Il ritorno dello Stato banchiere
01/07/2016 Dopo una lunga stagione di liberalizzazioni e privatizzazioni le aziende del credito italiane tornano sotto l'ombrello pubblico. Complice una crisi da cui non riescono a trascinarsi fuori
In questi giorni le Borse di tutto il mondo sembrano accanirsi particolarmente con i titoli bancari, bruciando miliardi su miliardi. La fragilità del sistema si deve anche al fatto che il costo del denaro non è mai stato così basso e dunque diventa difficile guadagnarci per chi lo vende alle imprese e ai clienti, come fanno in definitiva le banche. Il resto lo fanno i duecento miliardi di debiti “incagliati”, ovvero non recuperabili, oltre ai titoli di stato nella pancia degli istituti di credito. Il governatore della Bce Draghi sta facendo molto acquistando sul mercato secondario i titoli di stato e immettendo denaro nel sistema bancario, con lo scopo di prestarlo alle aziende. Ma il cavallo, come si dice in economia, “non beve”, le imprese non accedono al credito. Forse qualcosa potrà fare anche il già citato Atlante, che immette altro denaro pubblico per permettere alle banche di "disincagliare" molti dei loro crediti.
Ma la novità più ecltante è un'altra: il Governo - tra conferme e smentite - sarebbe pronto a entrare direttamente nel capitale degli istituti di credito, divenendo azionista. Così facendo l’orologio della storia della finanza farebbe un salto di ottant’anni. Fu un’altra recessione a portare a questo genere di soluzione, quella successiva la crollo di Wall Street del ‘29. Di fronte alle file di disoccupati i Governi di allora si resero conto che la “mano invisibile” dei mercati non era in grado di gestire qualunque tempesta finanziaria: occorrevano pubblici poteri e un intervento diretto dello Stato.

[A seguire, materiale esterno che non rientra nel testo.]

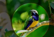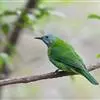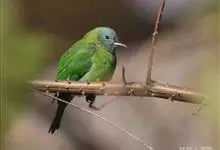 蓝翅叶鹎:小型鸟类,体长15-18厘米。雄鸟通体草绿色,尾蓝绿色,肩和翅亮蓝 色,胸缀有黄色,颏、喉黑色。雌鸟颏,喉蓝绿色。栖息在海拔1500米以下的常绿阔叶林、次生林和林缘疏林灌丛中。…全部>>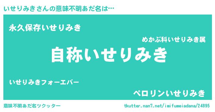 | ヘコむあだ名 | 『いせりみき(小並感)』『いせにゅー』 |

La legge bancaria italiana del 1936 si basa proprio sulla nazionalizzazione delle banche attraverso l’Iri e una visione dirigistica del credito.
Lo Stato banchiere doveva avere carattere temporaneo, e invece venne mantenuto anche in tutta la Prima Repubblica (la nostra Costituzione contempla tranquillamente il sistema misto pubblico-privato), fino al 1992, quando anche le tre banche di interesse nazionale (Banco di Roma, Credito italiano e la Banca Commerciale di Cuccia e Mattioli) divennero private e la “foresta pietrificata” del credito, come la chiamava l’allora primo ministro Giuliano Amato, cominciò una serie di fusioni che portarono all’attuale assetto. Le banche dovevano continuare a non fallire mai, a parte qualche eccezione (la Banca Privata di Sindona, il banco Ambrosiano di Calvi). Ma doveva proseguire anche il processo di liberalizzazione del sistema bancario, parallelamente a quello di integrazione europea.
Dopo un abbondante uso di fondi di Stato da parte della Germania nei confronti delle sue banche, cariche di titoli spazzatura per la crisi dei “subprime”, dalla fine del 2014 è arrivata la direttiva Brrd, recepita dall’Italia a novembre 2015, che vieta agli Stati di risolvere le crisi bancarie. L’Europa chiudeva le stalle dopo che erano scappati i buoi tedeschi. La direttiva ha introdotto il famoso “bail in”: il salvataggio interno, scaricato sugli azionisti, poi sugli obbligazionisti e se necessario anche sui depositanti sopra la soglia dei 100.000 euro. E’ il metodo che il Governo italiano ha dovuto adoperare per Banca Etruria e le altre banche finite in dissesto.
Tutto questo per evitare che il salvataggio delle banche finisse per pesare sulle spalle dei contribuenti, danneggiando per concorrenza sleale le banche “sane”. Ma la situazione continua a essere gravissima e il Governo italiano ha deciso di intervenire ritornando a essere Stato banchiere, forte anche del nuovo ruolo in sede europea dopo il “distacco” del Regno Unito. La direttiva del 2014 offre qualche scappatoia in caso di “stress sistemici” e dopo una “franchigia” di circa il dieci per cento di perdite pagate da azionisti e creditori. Dunque torna lo Stato banchiere per cercare di risolvere una crisi che non si riesce a risolvere. Si torna alla “vecchia moda” della finanza pubblica per osservare un comandamento intramontabile, di ieri e di oggi: le banche non devono fallire mai. E a pagare il conto è tornato pantalone: il contribuente.